RECORDS SUPPLIED START

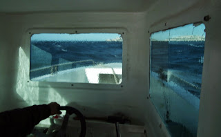 Et un petit épisode de mer au moteur ... Ce matin, 25 noeuds établis, rafales à 56 (100 km/h) à décorner les boeufs et départ devant le bar Le Crystal au Vieux Port du 'bateau de service' du chantier Archimer, espèce de Ferrari de la mer ... et creux de 2 mètres; doucement d'abord, puis plus vite, des retombées de un mètres dans les creux jusqu'à un 'trou de mer' de deux mètres ! Superbe bleu au coccis, Rangement de l'appareil. Ambiance ... Déja fait un retour style rodeo il y a deux mois, mais houle dans le dos, attention aux piqués ! Ah la voile !!!
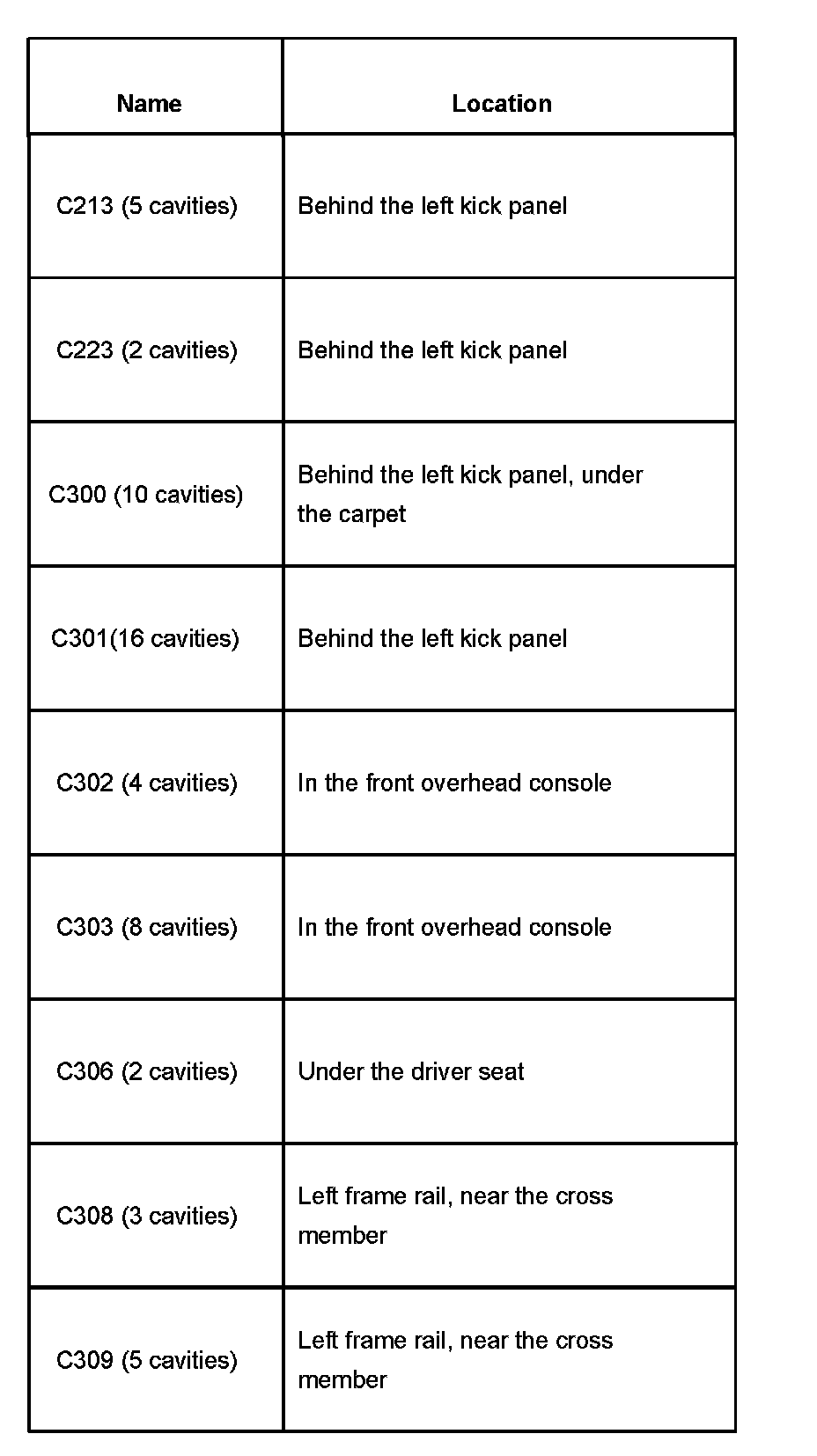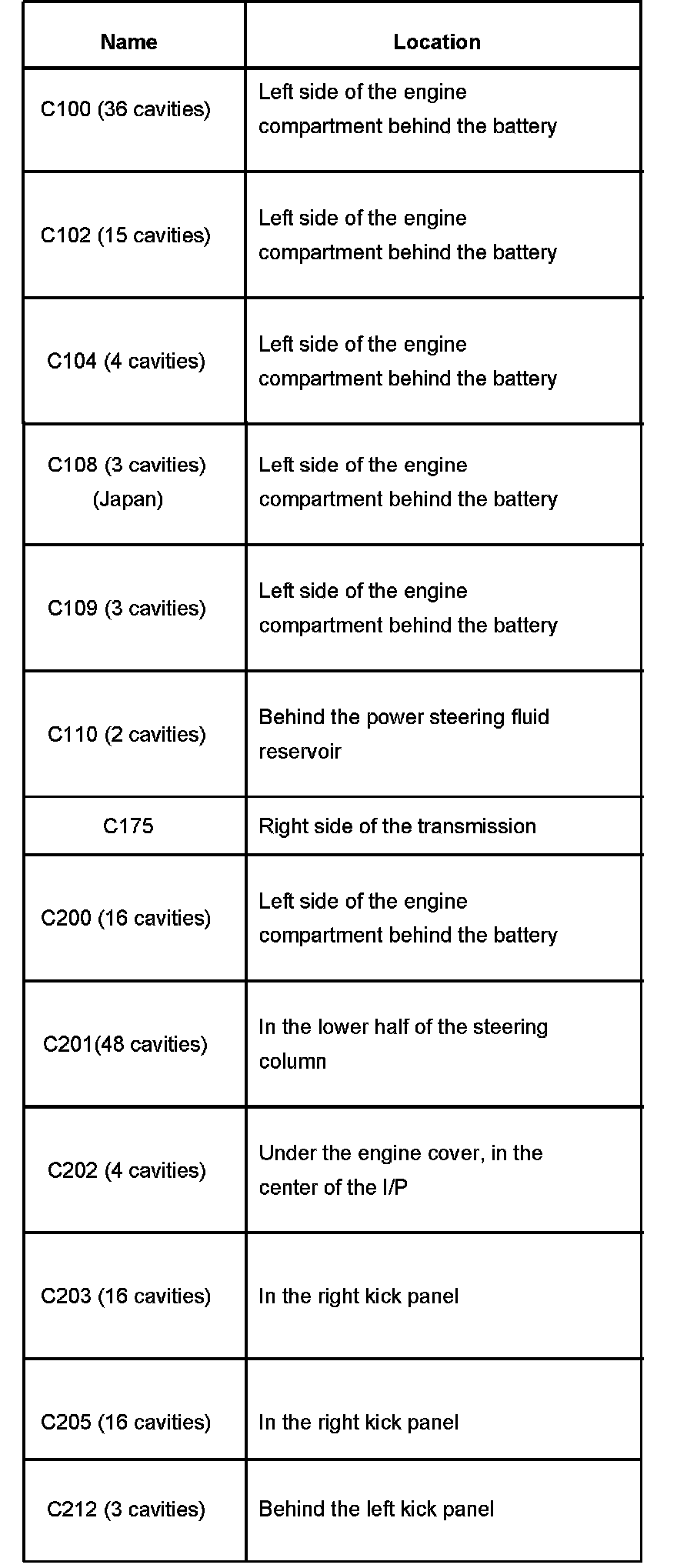 Connector Locations
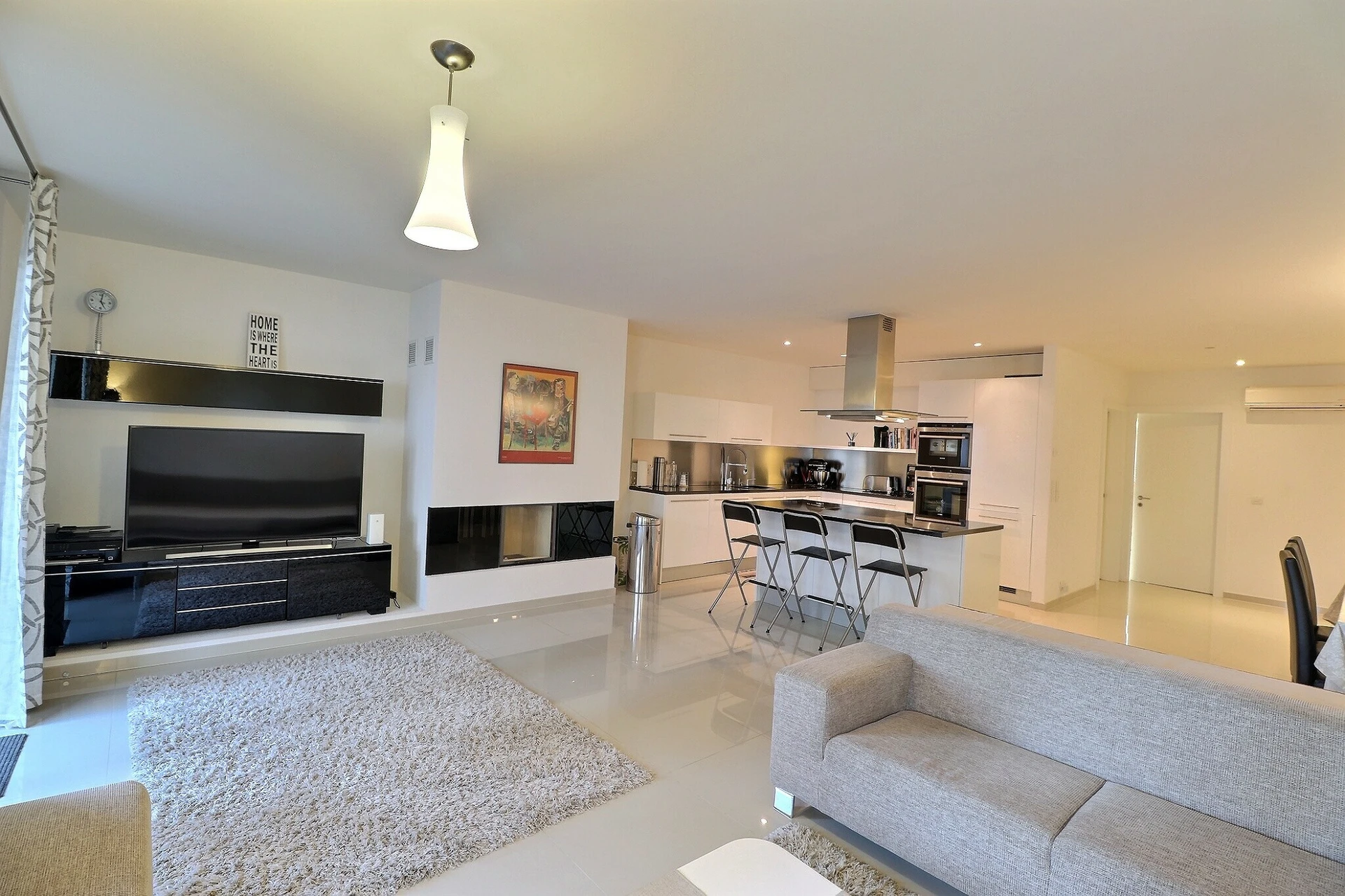 L'appartement est en parfait état car il a été très peu utilisé; les finitions sont de qualité dans un style contemporain plaisant; il est équipé d'un système d'air conditionné ainsi qu'un chauffage distribué par le sol avec des thermostats dans chaque pièces, qui permet de chauffer et aussi de rafraichir les pièces selon le souhait.
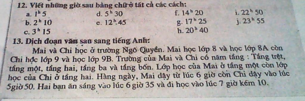 Mai and Chi study at Ngo Quyen school. Mai is in grade 8, class 8A and Chi is in grade 9, class 9B. Mai and Chi's school has five floor : ground floor, first floor, second floor, third floor and fourth floor. Mai's classroom is on first floor and Chi's classroom is on the second floor. Every day, Mai wakes up at 6 o'clock and Chi wakes up at five fifty. They eat breakfast at six thirdty-five and go to school at ten to seven
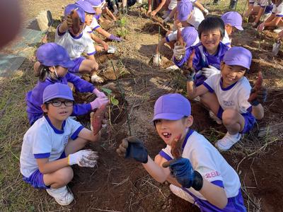 2年生もさつまいもを掘りました。認定こども園きたひのの年長さん、1年生、2年生で行う『第2回焼きいもフェスティバル』は、君たち2年生が企画運営するのだよ。
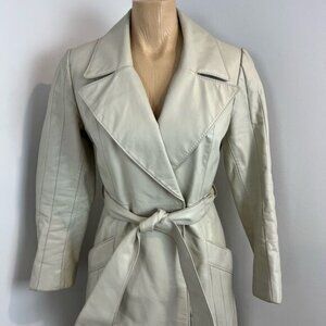 70s Vintage Embassy Women’s XS Genuine Leather Belted Tan Overcoat Jacket Trench
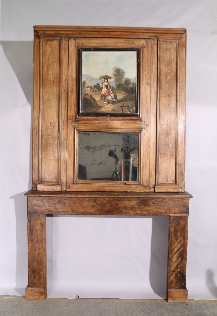 ENCADREMENT DE CHEMINÉE ET TRUMEAU de forme rectangulaire en bois naturel mouluré et sculpté. Le trumeau est agrémenté d'un miroir en partie basse et d'une toile représentant une femme et ses enfants sur fond paysagé en partie haute.

RECORDS SUPPLIED END

#### TASK BRIEF
Starting where a line contains "70s Vintage Embassy" and finishing at the last line above, set down every line exactly as it reads, with no pictures.

#### YOUR RESPONSE
 70s Vintage Embassy Women’s XS Genuine Leather Belted Tan Overcoat Jacket Trench
 ENCADREMENT DE CHEMINÉE ET TRUMEAU de forme rectangulaire en bois naturel mouluré et sculpté. Le trumeau est agrémenté d'un miroir en partie basse et d'une toile représentant une femme et ses enfants sur fond paysagé en partie haute.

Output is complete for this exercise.